#### What you should do:
Among the records that follow, set down only the lines from the one containing "Publicita projektu z" to the one containing "Die Bilder von", both included, exactly.

#### Provided records:
━━━
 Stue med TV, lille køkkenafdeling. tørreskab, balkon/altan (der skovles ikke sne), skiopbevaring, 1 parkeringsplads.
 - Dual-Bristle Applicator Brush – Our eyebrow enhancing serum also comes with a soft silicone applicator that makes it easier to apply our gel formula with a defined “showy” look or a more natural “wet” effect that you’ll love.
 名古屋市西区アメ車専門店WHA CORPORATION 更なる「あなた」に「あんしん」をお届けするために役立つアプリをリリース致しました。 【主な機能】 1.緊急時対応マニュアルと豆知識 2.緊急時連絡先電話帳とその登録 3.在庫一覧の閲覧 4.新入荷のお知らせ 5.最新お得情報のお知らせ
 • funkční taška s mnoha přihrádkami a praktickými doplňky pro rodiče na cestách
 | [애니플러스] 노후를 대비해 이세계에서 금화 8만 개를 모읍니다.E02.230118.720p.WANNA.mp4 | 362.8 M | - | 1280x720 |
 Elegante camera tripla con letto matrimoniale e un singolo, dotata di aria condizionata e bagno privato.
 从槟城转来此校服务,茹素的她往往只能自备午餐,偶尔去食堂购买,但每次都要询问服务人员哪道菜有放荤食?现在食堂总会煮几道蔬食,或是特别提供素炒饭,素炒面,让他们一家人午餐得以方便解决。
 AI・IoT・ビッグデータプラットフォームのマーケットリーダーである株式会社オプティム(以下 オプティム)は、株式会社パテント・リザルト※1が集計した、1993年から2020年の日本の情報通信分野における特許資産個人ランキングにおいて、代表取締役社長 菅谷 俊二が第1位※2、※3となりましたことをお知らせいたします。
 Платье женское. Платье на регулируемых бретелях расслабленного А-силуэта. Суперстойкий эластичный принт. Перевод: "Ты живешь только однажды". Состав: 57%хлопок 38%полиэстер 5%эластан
━━━
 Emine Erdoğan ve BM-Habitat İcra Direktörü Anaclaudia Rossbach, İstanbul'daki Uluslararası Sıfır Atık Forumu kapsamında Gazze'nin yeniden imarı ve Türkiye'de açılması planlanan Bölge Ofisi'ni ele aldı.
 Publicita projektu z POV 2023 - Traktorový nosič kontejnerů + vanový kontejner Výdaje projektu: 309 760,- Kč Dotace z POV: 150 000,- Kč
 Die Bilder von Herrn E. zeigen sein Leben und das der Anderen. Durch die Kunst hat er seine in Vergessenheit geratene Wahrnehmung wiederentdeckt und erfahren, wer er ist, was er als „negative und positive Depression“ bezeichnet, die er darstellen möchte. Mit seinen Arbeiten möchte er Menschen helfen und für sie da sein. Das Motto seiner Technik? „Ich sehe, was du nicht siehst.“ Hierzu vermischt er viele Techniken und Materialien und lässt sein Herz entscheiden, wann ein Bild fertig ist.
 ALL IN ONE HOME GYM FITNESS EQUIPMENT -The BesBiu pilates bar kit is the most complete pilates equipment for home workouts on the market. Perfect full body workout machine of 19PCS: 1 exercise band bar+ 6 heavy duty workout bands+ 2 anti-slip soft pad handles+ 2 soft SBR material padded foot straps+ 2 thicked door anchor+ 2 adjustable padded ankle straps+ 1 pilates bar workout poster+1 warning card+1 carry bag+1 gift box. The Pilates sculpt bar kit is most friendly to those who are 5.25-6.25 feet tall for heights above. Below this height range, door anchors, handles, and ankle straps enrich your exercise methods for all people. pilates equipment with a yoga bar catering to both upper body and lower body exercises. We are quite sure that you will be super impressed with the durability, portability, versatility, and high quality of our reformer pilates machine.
━━━
#### Expected answer:
 Publicita projektu z POV 2023 - Traktorový nosič kontejnerů + vanový kontejner Výdaje projektu: 309 760,- Kč Dotace z POV: 150 000,- Kč
 Die Bilder von Herrn E. zeigen sein Leben und das der Anderen. Durch die Kunst hat er seine in Vergessenheit geratene Wahrnehmung wiederentdeckt und erfahren, wer er ist, was er als „negative und positive Depression“ bezeichnet, die er darstellen möchte. Mit seinen Arbeiten möchte er Menschen helfen und für sie da sein. Das Motto seiner Technik? „Ich sehe, was du nicht siehst.“ Hierzu vermischt er viele Techniken und Materialien und lässt sein Herz entscheiden, wann ein Bild fertig ist.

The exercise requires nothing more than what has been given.